Programming 1: Linear Regression (Predicting house prices) [Github][Report]

Session 2.

Introduction

Need to know how to get the algorithms and math to work in problems.
Best way to do building intelligent machines is to have some way for machines to lean things themselves.

Machine Learning Definition

Tom Mitchell(1998)

"A computer program is said to learn from experience E with respect to some task T and some performance measure P, if its performance on T, as measured by P, improves with experience E."

Example : Spam Filter

"Spam filter program is said to learn from watching you label emails as spam or not spam with respect to classifying emails as spam or no spam and the number of emails correctly classified as spam/not spam, if its performance on T, as measured by P, improves with experience E."

Supervised Learning

Housing price prediction"

"Right answers" given.
Regression : Predict continuous valued output(price).
모든 영역에서 어떤 값들을 right answer로 결정할 것인가. Prediction과 Actual value의 차이. 즉, error가 가장 작아지도록 하는 값.
일차원 그래프이냐.. 이차원 그래프이냐..

Breast cancer (malignant, benign)

classification : discrete valued output( 0 or 1)
clump thickness, uniformity of cell size, uniformity of cell shape 등 다양한 feature들이 존재

*참고 Learning Algorithm은 prediction을 하기 위해 infinite한 feature를 사용하기도 한다. 수학적인 trick을 이용한 Support Vector Machine 알고리즘을 사용한다.

Unsupervised Learning

"No correct answers" (unlabeled data)
ex) clustering( k-means, hierarchical, mixture models ), hidden markov models, blind signal separation using feature extraction techniques for dimensionality reduction.
ex) recommended products : 제품 고유의 라벨이 없다고 생각하고 오로지 기록을 통한 고객의 성향을 기반한 clustering으로 비슷한 그룹끼리 묶는다.
ex) DNA microarray data : by using clustering, we can have a group of individuals on each measure expression of a gene. we can automatically generate structure.
ex) Organize computing clusters : Identify potential weak spots or distribute workload effectively.

Cocktail party problem

English + Spanish at the same time --- overlapping combination --- Cocktail party algorithm(SVD기반) ( speaker들과의 distance를 이용해서 grouping) --- Only English로 분리 가능.

Linear Regression

Univariate(one-feature) & Multivariate(multi-feature) linear regression
Hypothesis : h(x) = theta0*x0 + theta1*x1 + theta2*x2 ... ; ( theta0 : zero condition, theta1,theta2 ... : gradient(slope), 보통 convention하게 x0=1 )
Vectorization approach : H,X = matrix, theta = vector : H = X*theta;
Think of h(x) as a "y imitator" and hypothesis tries to convert the x into y.

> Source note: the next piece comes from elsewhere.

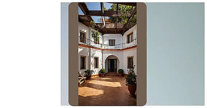 Imagine chilling here after learning all about Spanish verbs – way better than homework, right? This place is total Spanish style goals with its cool courtyard, terracotta tiles underfoot, and that awesome wooden pergola casting shade like a pro. You could totally picture someone strumming a guitar here while enjoying some tapas, or maybe just catching some sun while you video call your friends to show off your amazing Spanish vacation spot.

Cost Function (= Squared Error Function)

DEF : Figure out how to fit the best possible straight line to out data.
Minimize Problem ( Generation version -> X & theta = matrix, y = vector ) - Minimize(theta) : J = 1/(2*m) * (X*theta-y)' * (X*theta-y); - 1/m : we determine the average ↔ 1/2m : the 2 makes the math a bit easier and doesn't change the constants we determine at all( half the smallest value is still the smallest value. ), 이런식으로 실제 현장에서는 approximation 하는듯 original로 계산하면 시간, 속도면에서 비효율적이기 때문..
The optimization objective for the learning algorithm is find the value of theta1, theta2 .. which minimize Cost Function(J).
Cost Function for linear regression is always going to be a bowl-shaped function(=a convex function). 즉, 오직 하나의 global optimum을 가진다.

Gradient Descent

DEF : algorithm for minimizing the cost function J
Learning rate(alpha) : a number which controls how big a step we take downhill with gradient descent.
- If alpha is too small, gradient descent can be slow
- If alpha is too large, gradient descent can overshoot the minimum. It may fail to converge, or even diverge.
alpha 값을 결정할 때는 가장 작은 값에서 일정한 비율(x3)로 alpha값을 늘리거나 줄여가면서 가장 적합한 값을 찾는다.
Simultaneous Update 필요. distance(error)를 계산할 때 특정 theta 한개만 변하는 걸 살펴보기 위해 다른 theta들은 constant로 간주 -> linear의 특징 : 3차원, 다차원으로 동시에 일어나는 현상들을 2차원 단위로 펼쳐서 계산하면서 동기화 시킬 수 있다. 마치 동시에 일어난 것처럼 똑같이 계산할 수 있다.
Derivative 의미 : Let's take the tangent at the point and look at the slope of the line.
gradient descent가 converge됬는지 확인하려면 automatic convergence test(choosing the threshold is hard)를 하기 보다는 그래프를 통해 눈으로 확인하는게 좋다. 제대로 작동하는지 눈으로 실시간으로 볼 수 있고, 일반적으로 threshold를 정하기가 어렵기 때문.. 그리고 application마다 수렵되기까지 iteration 횟수가 매우 다양하다.

n = length(X(1, :)); % n features
temptheta = zeros(n, 1);
H = X*theta;
for j=1:n
sum = X(:, j)'*(H-y);
temptheta(j) = theta(j) - alpha/m*sum;
end
% simultaneously update theta
for j=1:n
theta(j) = temptheta(j);
end

Normal Equation

DEF : it gives us a better way to solve the optimal value of the parameters theta.
Gradient Descent(many steps) ↔ Normal Equation(Just one shot!)
gradient 처럼 서서히 찾아가는 방식이 아니고, J(theta)=0인 지점을 미분을 통해서 한번에 찾는다.
Normal Equation을 사용하면 Feature Scaling을 할 필요가 없다.
theta = pinv((X'*X)*X'*y;

Gradient Descent	Normal Equation
(단점) Need to choose alpha	(장점) No need to choose alpha
(단점) Needs many iterations	(장점) Don’t need to iterate
(장점) Works well even when n is large	(단점) Slow if n is very large
	(단점) Need to compute : pinv(X’*X)
If n is large, use Gradient Descent If n is small, use Normal Equation. n크기 기준 : inverting을 빠르게 처리해줄 수 있는 크기. (현대 컴퓨터 n=1000까지는 무난히 빠르게 처리해준다.) 상황에 맞게(feature 개수) 골라서 사용하면 된다.

Feature Scaling ≒ Mean normalization

Get every feature into approximately a -1≦xi≦ 1 range.
Make sure features are on a similar scale.
ex) x1 = size(0~2000 feet^2), x2 = # of bedrooms(1~5) 이런식으로 feature마다 scale크기가 많이 차이 난다면, global minimum까지 도달하는 시간이 많이 걸린다. 왔다갔다 많이 한다. (y축 길이가 길기 때문), 즉, feature scaling 또는 mean normalization 방법을 사용하면 gradient descent가 converge를 빨리하는데 도움을 준다.
Mean normalization 방법 : ex) x1 = x1-u1(mean) / s1(range(max-min) or standard deviation)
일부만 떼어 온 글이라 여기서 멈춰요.